# [How to complete this task]
Take the records below and set down exactly the lines from the one with "If you can’t" to the one with "Samsun’un Havza ilçesinde", ends included; do not copy the pictures.

[[ Exercise input open ]]

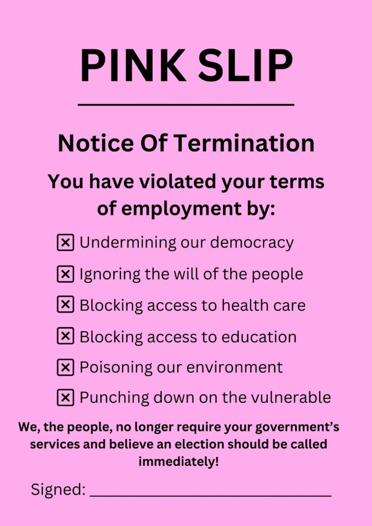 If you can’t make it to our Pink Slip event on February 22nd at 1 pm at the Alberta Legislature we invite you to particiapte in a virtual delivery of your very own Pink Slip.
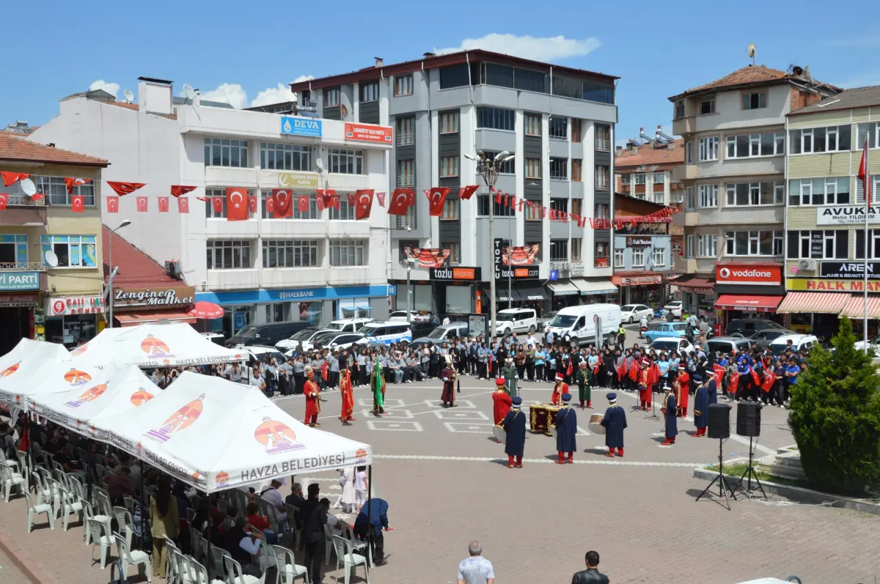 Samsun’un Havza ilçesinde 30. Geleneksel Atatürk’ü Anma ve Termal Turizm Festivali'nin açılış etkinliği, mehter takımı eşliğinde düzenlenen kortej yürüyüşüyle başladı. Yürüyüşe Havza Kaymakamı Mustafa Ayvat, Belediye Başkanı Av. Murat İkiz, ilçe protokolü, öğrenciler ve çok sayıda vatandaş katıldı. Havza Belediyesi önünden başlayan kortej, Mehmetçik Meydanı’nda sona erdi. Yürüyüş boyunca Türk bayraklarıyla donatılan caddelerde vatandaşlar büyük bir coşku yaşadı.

[[ Exercise input closed ]]
[[ Exercise input open ]]

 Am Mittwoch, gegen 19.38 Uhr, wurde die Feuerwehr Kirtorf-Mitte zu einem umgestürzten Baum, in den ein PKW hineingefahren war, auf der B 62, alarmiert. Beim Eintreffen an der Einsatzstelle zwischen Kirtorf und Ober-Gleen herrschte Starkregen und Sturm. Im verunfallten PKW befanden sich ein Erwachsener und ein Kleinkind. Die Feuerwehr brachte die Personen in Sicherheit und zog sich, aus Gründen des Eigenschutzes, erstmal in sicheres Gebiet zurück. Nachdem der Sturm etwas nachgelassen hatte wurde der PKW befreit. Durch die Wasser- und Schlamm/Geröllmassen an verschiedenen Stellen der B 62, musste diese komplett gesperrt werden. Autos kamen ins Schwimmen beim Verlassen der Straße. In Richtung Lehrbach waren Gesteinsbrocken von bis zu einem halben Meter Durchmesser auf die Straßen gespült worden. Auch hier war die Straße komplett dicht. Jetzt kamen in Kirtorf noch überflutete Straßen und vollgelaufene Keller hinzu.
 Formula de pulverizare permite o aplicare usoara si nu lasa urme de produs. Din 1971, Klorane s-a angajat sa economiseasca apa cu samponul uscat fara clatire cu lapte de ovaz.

[[ Exercise input closed ]]
[[ Exercise input open ]]

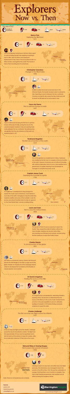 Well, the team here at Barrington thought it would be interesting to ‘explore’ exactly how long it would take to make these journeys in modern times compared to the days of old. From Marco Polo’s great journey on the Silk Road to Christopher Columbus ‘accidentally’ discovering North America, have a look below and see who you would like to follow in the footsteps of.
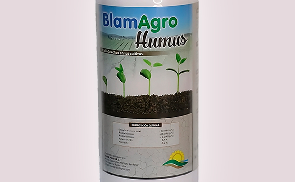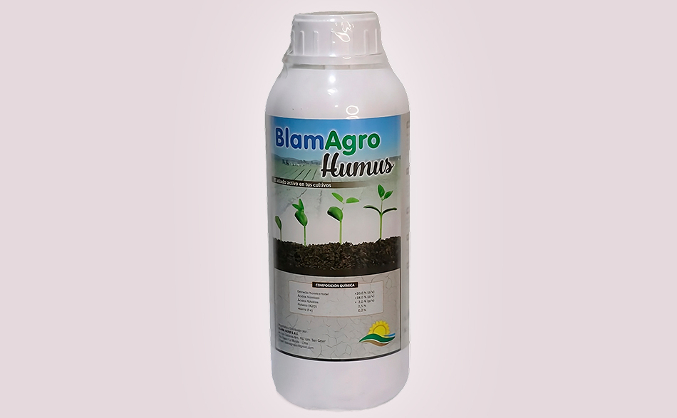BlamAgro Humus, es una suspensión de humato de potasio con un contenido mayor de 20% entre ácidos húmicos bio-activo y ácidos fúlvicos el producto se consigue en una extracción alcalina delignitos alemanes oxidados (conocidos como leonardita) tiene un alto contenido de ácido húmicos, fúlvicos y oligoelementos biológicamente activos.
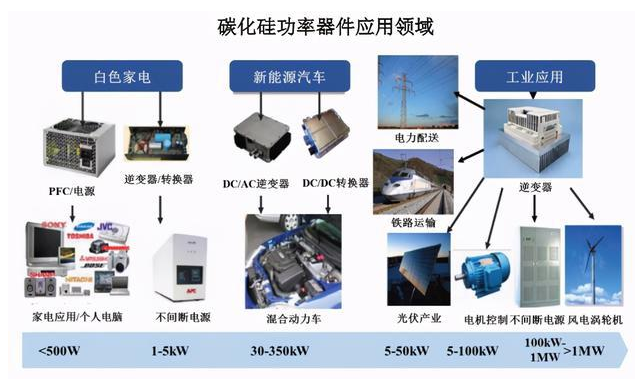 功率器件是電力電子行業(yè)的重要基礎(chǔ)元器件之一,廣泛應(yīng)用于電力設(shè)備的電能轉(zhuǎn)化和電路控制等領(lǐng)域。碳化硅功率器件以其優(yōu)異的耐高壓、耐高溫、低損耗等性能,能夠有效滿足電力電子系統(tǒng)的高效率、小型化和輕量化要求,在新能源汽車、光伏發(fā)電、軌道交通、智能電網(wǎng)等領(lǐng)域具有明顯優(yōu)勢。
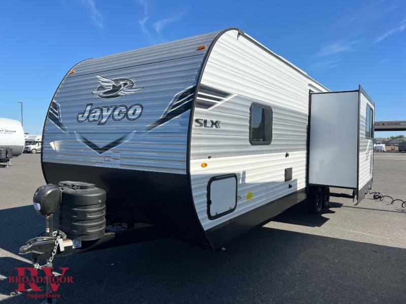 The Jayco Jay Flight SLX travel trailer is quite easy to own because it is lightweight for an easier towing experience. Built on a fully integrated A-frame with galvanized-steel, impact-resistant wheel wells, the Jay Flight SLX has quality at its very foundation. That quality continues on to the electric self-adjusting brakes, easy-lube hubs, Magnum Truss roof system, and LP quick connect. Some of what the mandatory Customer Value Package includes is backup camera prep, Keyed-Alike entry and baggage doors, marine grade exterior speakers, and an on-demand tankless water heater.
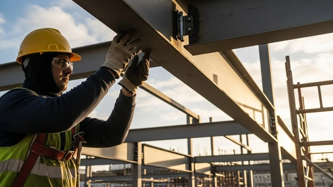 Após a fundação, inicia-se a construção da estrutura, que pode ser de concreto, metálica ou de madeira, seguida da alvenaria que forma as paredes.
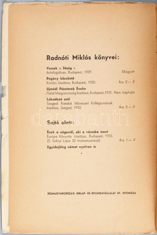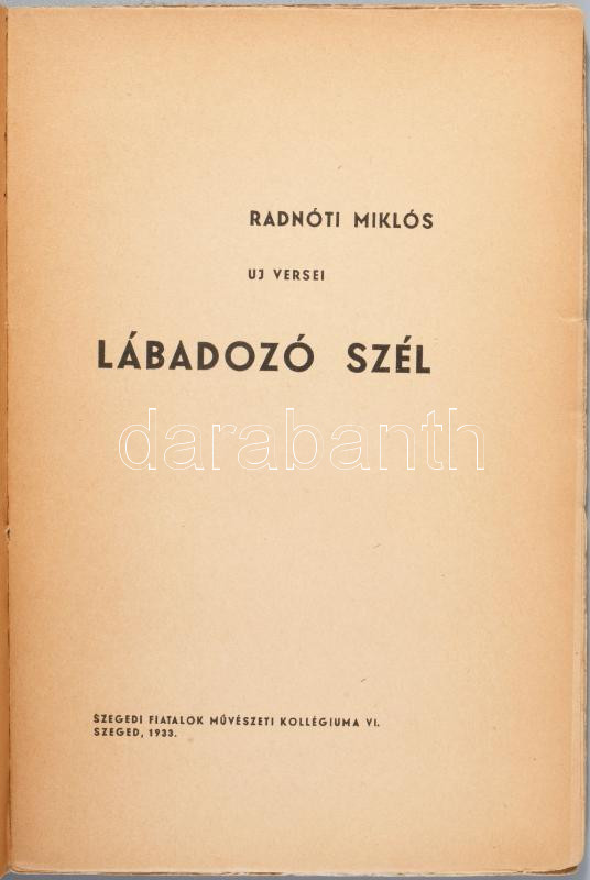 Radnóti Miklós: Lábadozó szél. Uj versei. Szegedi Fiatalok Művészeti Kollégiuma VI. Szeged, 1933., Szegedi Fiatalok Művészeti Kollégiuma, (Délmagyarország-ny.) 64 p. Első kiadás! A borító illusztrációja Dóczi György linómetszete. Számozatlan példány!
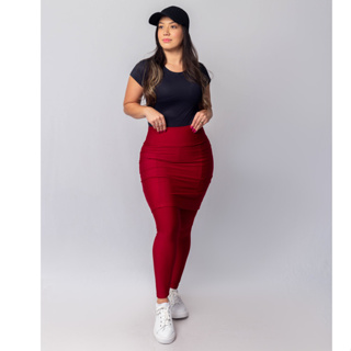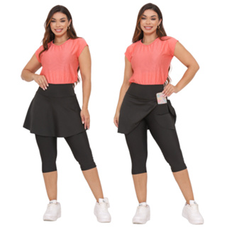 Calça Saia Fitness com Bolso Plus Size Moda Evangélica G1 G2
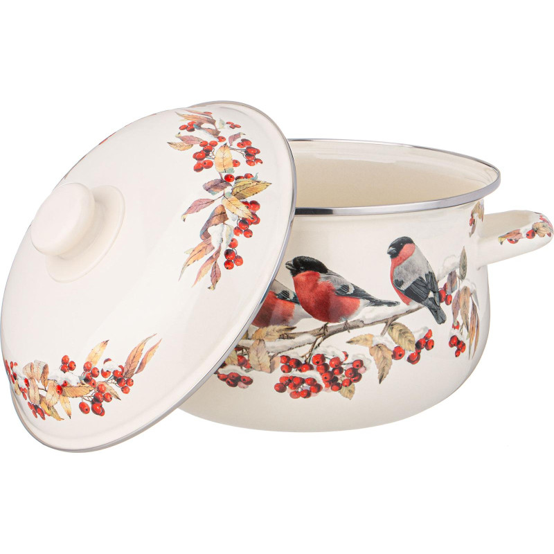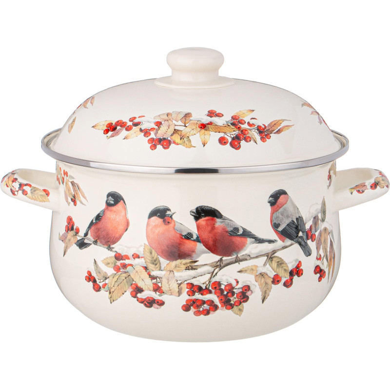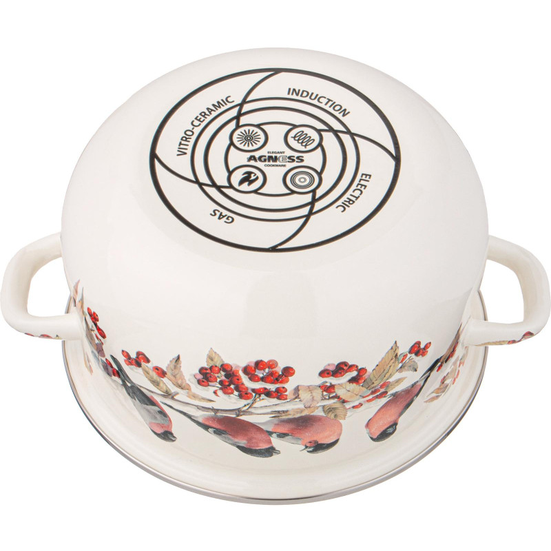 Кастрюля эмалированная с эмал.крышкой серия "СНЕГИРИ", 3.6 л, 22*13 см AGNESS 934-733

[[ Exercise input closed ]]

# [Your response]
 If you can’t make it to our Pink Slip event on February 22nd at 1 pm at the Alberta Legislature we invite you to particiapte in a virtual delivery of your very own Pink Slip.
 Samsun’un Havza ilçesinde 30. Geleneksel Atatürk’ü Anma ve Termal Turizm Festivali'nin açılış etkinliği, mehter takımı eşliğinde düzenlenen kortej yürüyüşüyle başladı. Yürüyüşe Havza Kaymakamı Mustafa Ayvat, Belediye Başkanı Av. Murat İkiz, ilçe protokolü, öğrenciler ve çok sayıda vatandaş katıldı. Havza Belediyesi önünden başlayan kortej, Mehmetçik Meydanı’nda sona erdi. Yürüyüş boyunca Türk bayraklarıyla donatılan caddelerde vatandaşlar büyük bir coşku yaşadı.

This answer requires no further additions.